Projects for around the house we've dreamed up:
1. Building a studio
2. Enlarging our bodega
3. Fencing some garden areas
4. Growing some veggies and herbs and roses
5. Installing non-polluting toilets
6. Building a compost heap
7. Harvesting rainwater
8. Getting chickens
Projects we've actually carried through on:
3. Fencing some garden areas
4. Growing some veggies herbs androses
6. Building a composting heap
Jim and I tend towards dithering, not because we're lazy but because we overworry about how to go about things. That's why numbers 1, 2, 7 and 8 haven't materialized. We made a fair amount of effort on number 5 but found unless we wanted outhouses and to deal with the stuff ourselves, we'd essentially have to tear out the current plumbing system and the walls and floors in which it is embedded and tear up the front lawn which we'd have done if doing the plumbing part had been feasible. Essentially, we wanted to have a series of non-chemical treatment tanks for the sewage, a reasonable approach which leaves you with water that can then be drained into the soil. But it is really reasonable mostly when you are just starting to build, not afterwards.
Nos 1 and 2. Building a studio and enlarging our bodega: the house isn't packed enough yet and we haven't been crowded in our projects enough to follow through.
No. 8. I swear this will come to pass this July.
No. 7. I worked in bureaucracies enough to learn that if you just didn't get certain paperwork done, the time would come when it was no longer necessary to do it. I'm wondering if water capture might just be like this. Today, this post appeared in the NY Times's Green Inc. blog.
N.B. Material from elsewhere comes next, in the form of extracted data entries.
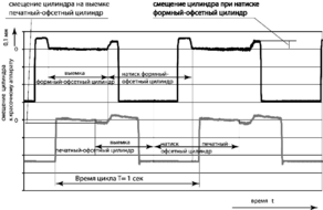 Экспериментальное определение смещений цилиндра в динамике проводилось для формного цилиндра машины Romayor 314. Усилие печати устанавливалось за счет изменения толщины прокладок под офсетную резину.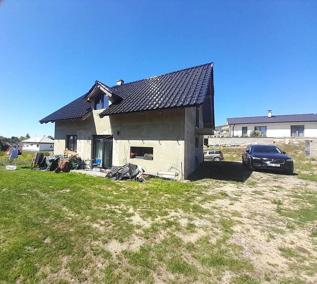Dům je postaven z Ytongových tvárnic s tepelně izolačními vlastnostmi tl.45cm přičemž přízemí je dokončené a obyvatelné, v podkroví jsou pouze příčky pokojů ze zdících tvarovek a zateplená střešní konstrukce z minerální plsti. Dům má dispozici šesti pokojů a kuchyňského koutu. Dominantou přízemí je obývací pokoj propojený s jídelním a kuchyňským koutem se vstupem na zahradu. Vzhledem k jižní orientaci je tento prostor dostatečné prosvětlený a vzdušný. V obývacím pokoji se nachází krbová kamna se sklem a nabízí se tak možnost příjemného posezení s pohledem na oheň a zároveň s možností vytápění domu. V přízemí se dále nachází ložnice, samostatný pokoj, předsíň se schodištěm do patra, koupelna se sprchovým koutem a WC a technická místnost. V podkroví je připravena dispozice tří samostatných pokojů a velké koupelny ve stavu hrubé stavby. Tento stav může být výhodou pro vlastní realizaci designového provedení.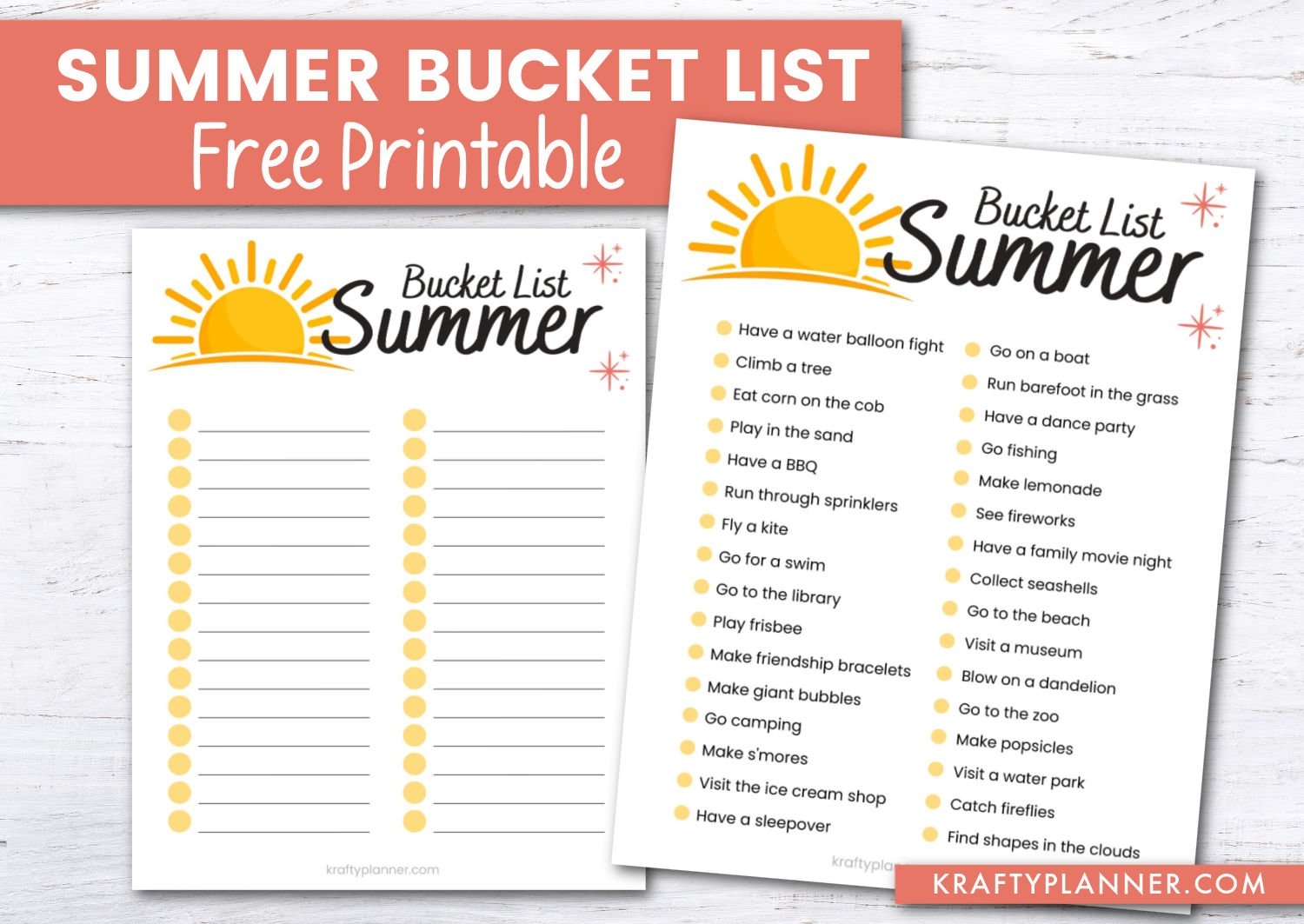 Free Printable Summer Bucket List Ideas Template Paper Trail Design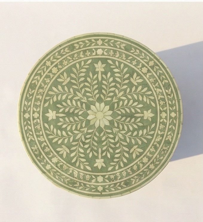 Add timeless elegance to your bedroom with this handcrafted Bone Inlay Bedside Table. Meticulously made by skilled artisans, each piece features intricate bone inlay patterns set into a sturdy wooden frame, creating a striking blend of traditional craftsmanship and contemporary design. The smooth tabletop offers ample space for lamps, books, or décor, while the drawer and shelf provide convenient storage for everyday essentials. Finished with fine detailing and a polished surface, this bedside table is both functional and a statement of luxury, making it a perfect addition to modern, classic, or eclectic interiors.

So I'm thinking, capturing rainwater may not be the totally wonderful and essential idea I thought it was. We don't need to capture water during the rainy season for sure. Maybe in the dry season I'll have second thoughts, but maybe that's the worst time to do it. In any event, while I grumble at our externally-imposed unintentional water conservation system which provides us with some water in the house every other day, it turns out it is enough water (so far) for domestic purposes. In the dry season it keeps us from watering our lawn (one of the supremely wasteful water uses in the US) and it ensures we don't leave taps running, keep leaks fixed, take reasonable showers, etc. The water comes from springs whose source lies in Cofre de Perote. That Cofre's water tables are endangered is due to the large issues of deforestation and industrial use. We pollute the spring water in its passage from the spring to the rivers, but we don't diminish it. We'd pollute the water if we used captured water as well.
Pollution of water in our area is probably not as grave as it might seem. Here we do not have heavy metals in the water and we don't have large quantities of chemicals from industry and medicine as they do in the US (and, for that matter in Xalapa and elsewhere in Mexico where industry abounds). Human wastes are nasty but not as serious since they are organic. But we do need to investigate the effects of the materials we use for cleaning, for various processing systems, for agriculture.
Nick Kristoff has picked up on one aspect of the world's water problems. As with global warming, many water problems are caused pretty much by too many people making and using too much stuff in wasteful and other harmful ways.